MySQL groupwise maximum

Question

EDIT UPDATE: Turns out I have version 5.7 so Window Functions are not an option in order to find a solution.

SHOW VARIABLES LIKE 'version';
+---------------+------------+
| Variable_name | Value      |
+---------------+------------+
| version       | 5.7.21-log |
+---------------+------------+

Description of the problem: I have a ternary relationship table between offers, skills and profiles. That ternary relationship has an attribute, ranking.

I have a skill table where I can see the skill's name. Up untill now I had to do two queries:

1) Give me the top 10 ranked skills per profile:

SELECT DISTINCT ternary.id_skill, skill.name_skill, ranking_skill
FROM ternary
INNER JOIN skill ON skill.id_skill=ternary.id_skill
WHERE ternary.id_perfil= #IntNumber#
GROUP BY ternary.id_skill
ORDER BY ternary.ranking_skill DESC
LIMIT 10;

2) For a list of ID skills, give me if they appear in any profile, and how many times they do appear.

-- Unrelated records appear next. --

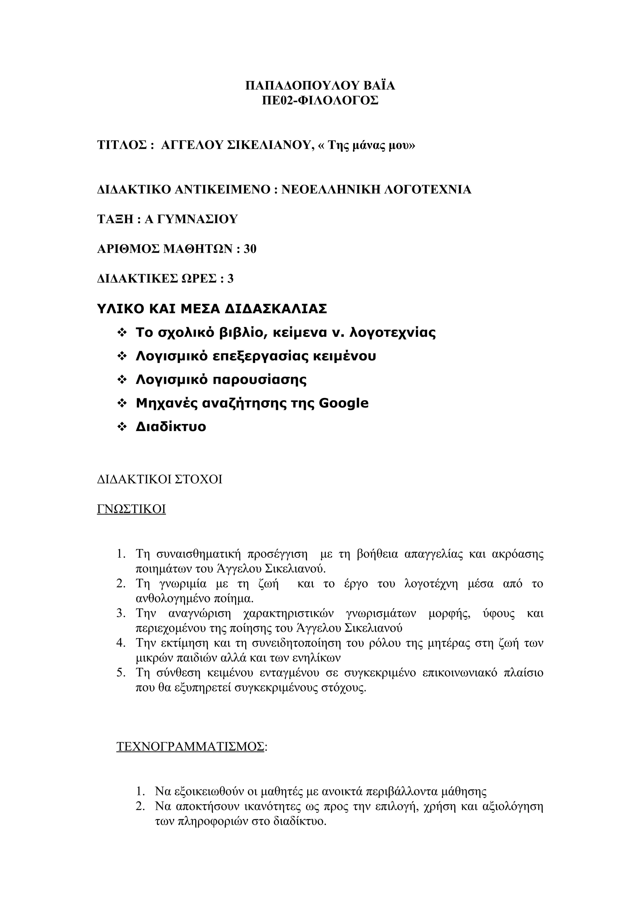 ΔΙΔΑΚΤΙΚΟ ΑΝΤΙΚΕΙΜΕΝΟ : ΝΕΟΕΛΛΗΝΙΚΗ ΛΟΓΟΤΕΧΝΙΑ
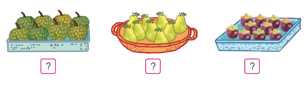 a)Quan sát hình, đếm số quả có trong mỗi giỏ và điền số thích hợp.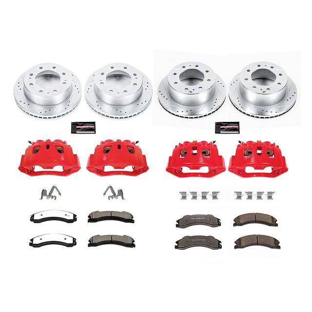 Red Powder Coating. The kit also includes red powder-coated cast iron calipers, equipped with two pistons for enhanced braking efficiency. Engineered with precision, this kit ensures a straightforward, drill-less installation, making it a practical choice for truck owners. Experience a significant upgrade in your vehicle's braking performance with the PowerStop Z36 Extreme Truck and Tow 8-Lug Brake Rotor, Pad, and Caliper Kit.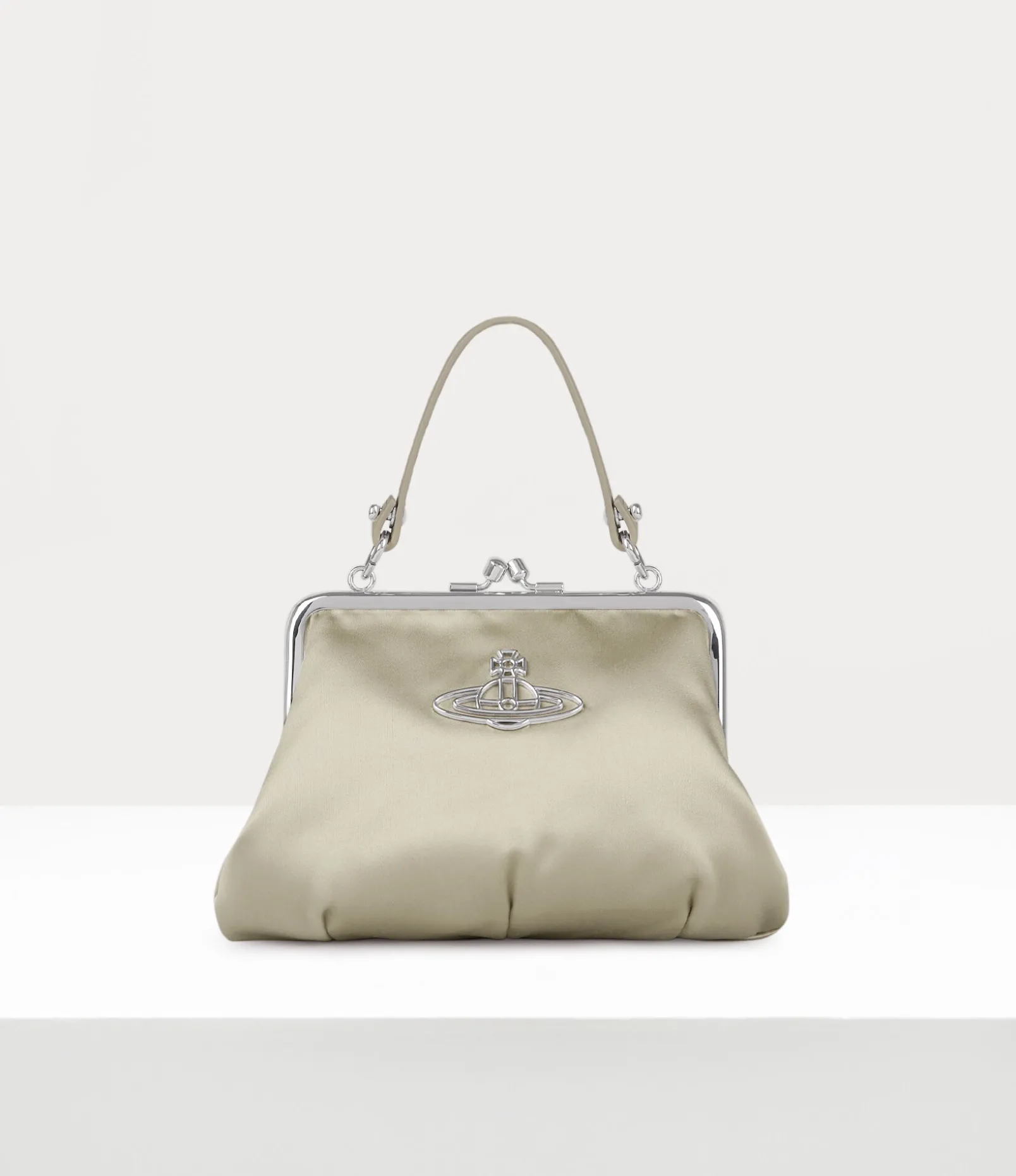 Our Granny Frame purse features vintage-inspired elements, reminiscent of antique coin purses. With a satin-blend finish, this classic features a kiss-lock frame and metal orb on the front panel, inspired by Vivienne Westwood’s orb-shaped logo, a symbol for launching tradition into the future.

SELECT DISTINCT ternary.id_profile, nombre_profile, COUNT(DISTINCT ternary.id_skill) AS matching
FROM ternary
INNER JOIN profile ON ternary.id_profile=profile.id_profile
WHERE ternary.id_skill= '858534430'
  OR ternary.id_skill= '3213227'
  OR ternary.id_skill= '3254818'
GROUP BY(ternary.id_profile)
ORDER BY matching DESC;

In that last query a problem has been identified: It "searches" for a skill appearing at any point for a profile. Since it is possible for a profile to have thousands of skills, it can be misleading, due to what we want to achieve I now need to only "search" when it's one of the top 10 skills of ANY profile. But only in top 10.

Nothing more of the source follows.